The outbreak resulted in symptoms including vomiting and diarrhea. The ship, which carried 2,164 passengers and 910 crew members, returned to port on Saturday after visiting Cozumel, Roatan Islands, Belize City, and Costa Maya, according to CruiseMapper. The CDC reported that 89 passengers and two crew members fell ill during the voyage.

The CDC’s Vessel Sanitation Program was notified of the outbreak on Tuesday, midway through the cruise. The cause of the illness has not been determined. Royal Caribbean has not yet issued a public statement regarding the incident.
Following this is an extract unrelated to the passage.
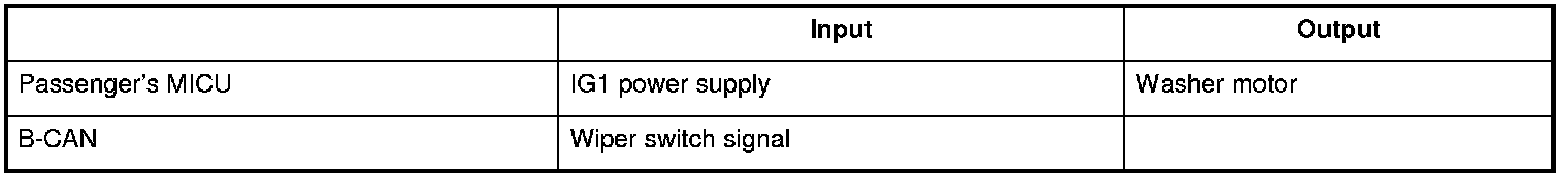 The passenger's MICU control of the washer motor is based on inputs from the wiper switch.
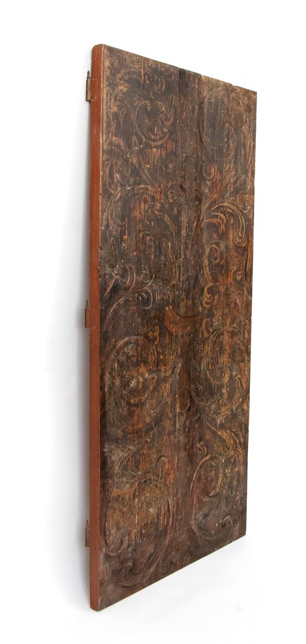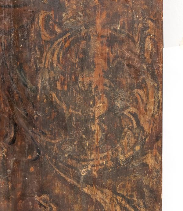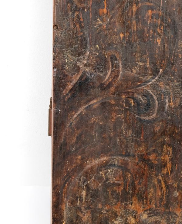 first half of the 19th century, central-northern Italy area, red lacquer on the rusticated side, the other side painted with floral motifs.

Affected individuals were instructed to isolate, and crew members collected stool samples for testing. In response to the outbreak, the ship’s crew increased cleaning and disinfection measures to prevent further spread of the illness.

Janet Kruse, a 57-year-old passenger from the Chicago area, traveled with a dance group called Dance with Janet. She stated that approximately 10% of her group of 120 people, aged 50 to 80, experienced symptoms. Kruse said that the first reported illness within her group occurred on Sunday, within 24 hours of boarding, followed by another case later that evening.

A shipwide announcement on Sunday afternoon indicated that an unusually high number of passengers had reported feeling unwell. As a result, the crew implemented additional sanitation measures to mitigate further spread.

The CDC continues to monitor the situation as samples are analyzed to determine the source of the outbreak.